Thursday, August 7, 2008

Object Lesson in Single Points of Failure

So, I bought my wife a new iPhone. Before we attached it to her computer, I decided to update all the software, and (of course) the machine choked and died. I tried everything I could think of, but I couldn't get it back up and running. We took it to the Genius Bar, and the genius in question tried everything he could think of. No luck. According to our tests, the hard drive was fine, but Leopard would not install properly.

I decided to re-partition and reformat the hard drive. But, before doing that, I wanted to make sure the user drive was backed up. I took the 500 G disk we were using for Time Machine backups and attached it directly to my wife's machine, and copied over her user directory. Then I partitioned, reformatted the disk and reloaded Leopard. Everything went well.

Until...

My lovely wife walked by, accidentally snagged her hand on the USB cable for the hard drive, and knocked it to the floor. Now it only fell a few feet onto soft carpet, but when I plugged it back in, it refused to mount and only made a strange clicking sound.

All our backups were on that drive. The time machine backups. The new backups I'd just made. Everything. All of it gone. Poof.

Now, I have secondary backups for my most important files. But, alas, my wife did not.

It's easy to feel over-confident when you have backups. But backups can fail. Whenever you only have a single copy of your data, even if it's only for a split second, you're at risk.

Lesson learned. It's not a new lesson, but one I seem to need to be reminded of from time to time. Single points of failure are bad.

-Rich-

Monday, August 4, 2008

Thoughts on Matlab

I've been using Matlab a lot at work lately.

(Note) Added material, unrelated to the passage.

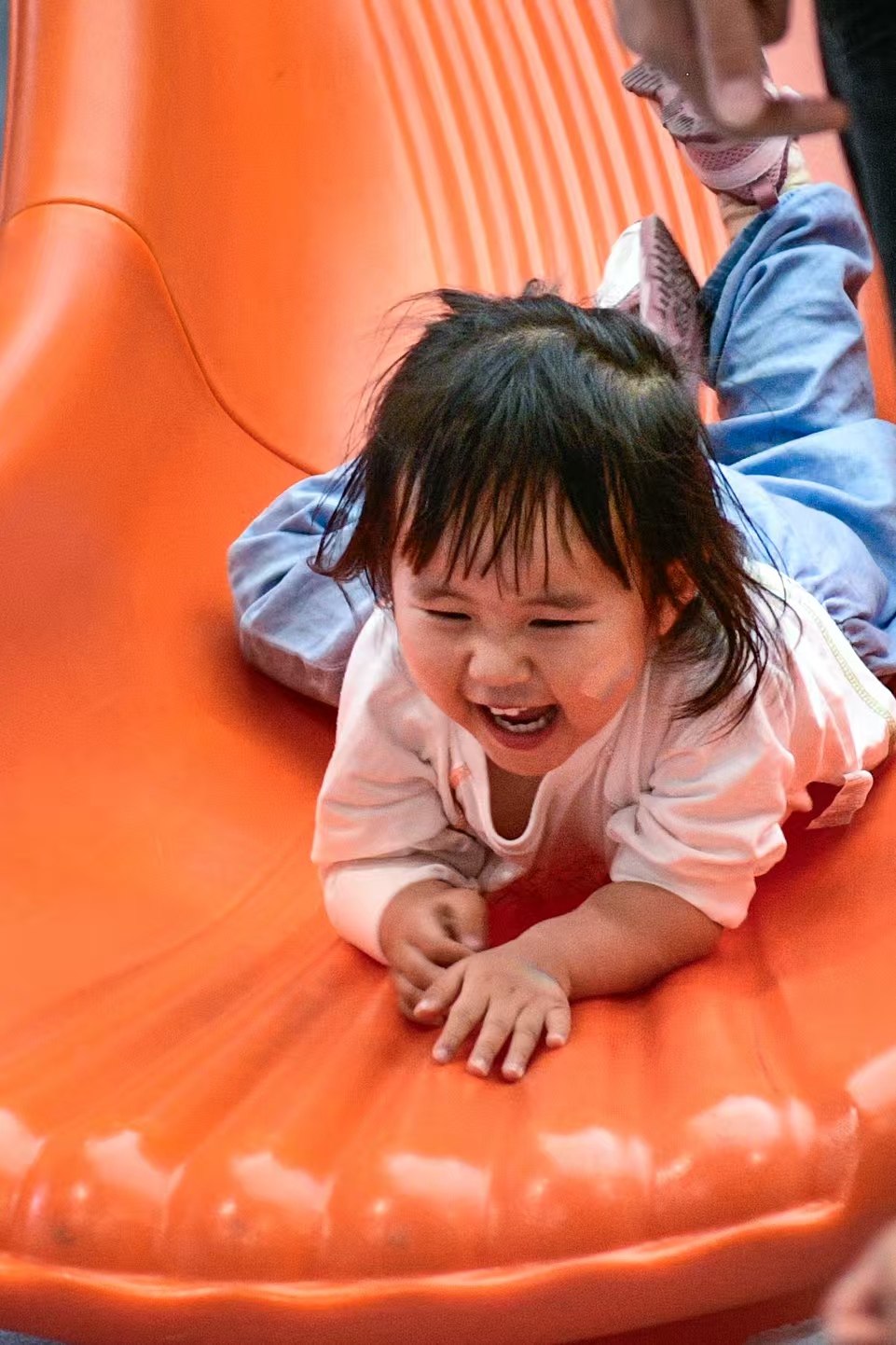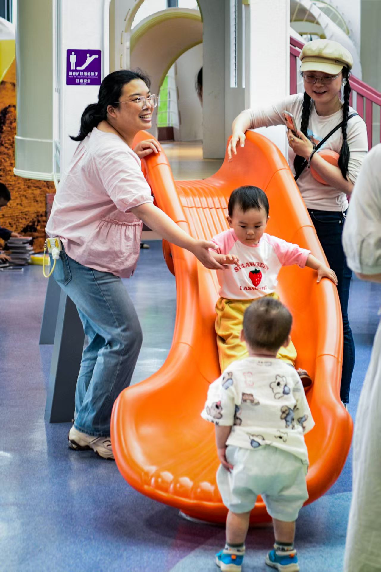 游乐区内,家长陪伴孩子玩滑滑梯。劳动报记者颜筱依摄影

Now, by all rights, this should be a language that I love. It's a dynamic, highly expressive language.

However, something about it just sets my teeth on edge.

To be fair, I think I can divide my complaints into two groups: issues that are my fault and issues that are the languages fault.

Matlab treats everything as matrices. OK, that's a bit of an exaggeration, but not much of one. More to the point, Matlab works best when you are performing operations on an entire vector or matrix at once--rather than iterating over the data and performing the operation on each element individually.

A lot of the built in functions and operations are designed to work across entire matrices. In fact, these functions often operate equally well on scalar values or matrices. For example, X < Y could be two scalar values (in which case, it will return 0 for false or 1 for true), or it could be two, equal-sized matrices (in which case, it will return a matrix of 0s and 1s).

Personally, I think this obfuscates the code. It's often difficult to tell wether we're looking at scalar, vector or matrix operations. Still, I'm willing to accept this as my own personal issue. Indeed, it is part of a larger weakness on my part. Basically, I have trouble decomposing problems into matrix operations.

OK, it's easy to do on simple cases. But, lets say I'm building a neural network. I'm storing my weights in matrices. Now, I want to minimize the amount of iterating that I'm doing--but I often have trouble seeing the opportunities to parallelize my operations. It can be done. I've built my neural network code, and I've spent a considerable amount of time replacing iterations with matrix operations. But, I don't find it a natural-feeling way to code.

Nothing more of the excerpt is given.